Task details. Copy everything in the listing below word for word, apart from any images.

(Stored data Opens)

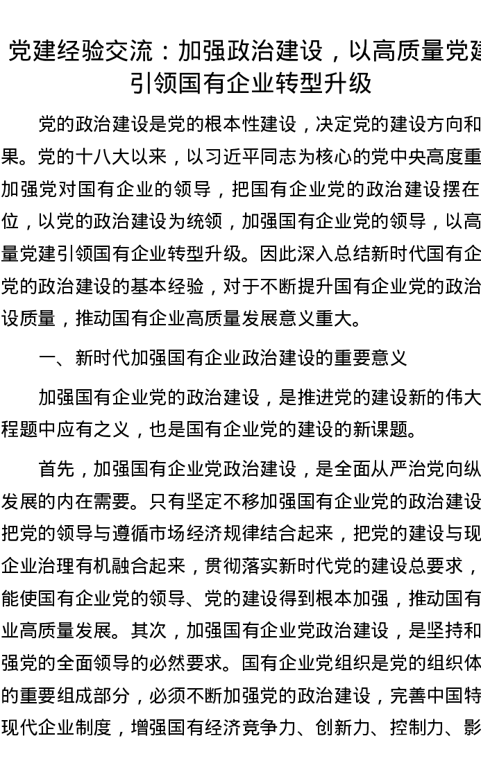 20221011党建经验交流:加强政治建设,以高质量党建引领国有企业转型升级
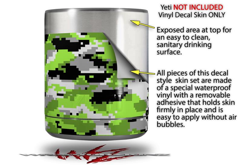 Skin Decal Wrap for Yeti Rambler Lowball - WraptorCamo Digital Camo Neon Green (CUP NOT INCLUDED)
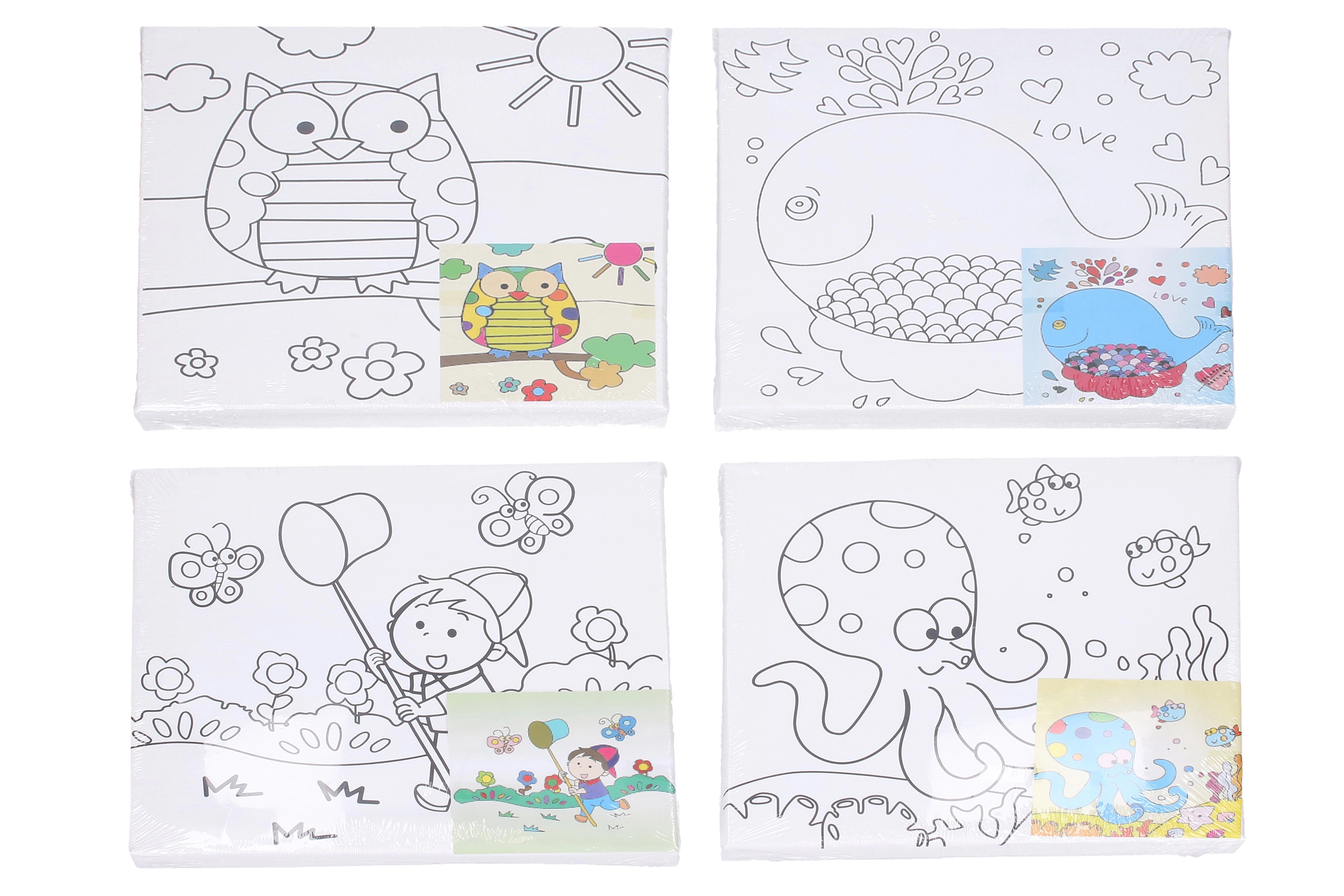 Acest set de pictură pentru copii oferă tot ce au nevoie micii artiști: pânze cu motive imprimate, un set de culori acrilice de bază și o pensulă de calitate. Șabloanele cu contururi clare facilitează pictura, ajută la construirea încrederii și îi motivează pe copii să finalizeze propria lucrare colorată.

(Stored data Closes)

Answer for this exercise.
 20221011党建经验交流:加强政治建设,以高质量党建引领国有企业转型升级
 Skin Decal Wrap for Yeti Rambler Lowball - WraptorCamo Digital Camo Neon Green (CUP NOT INCLUDED)
 Acest set de pictură pentru copii oferă tot ce au nevoie micii artiști: pânze cu motive imprimate, un set de culori acrilice de bază și o pensulă de calitate. Șabloanele cu contururi clare facilitează pictura, ajută la construirea încrederii și îi motivează pe copii să finalizeze propria lucrare colorată.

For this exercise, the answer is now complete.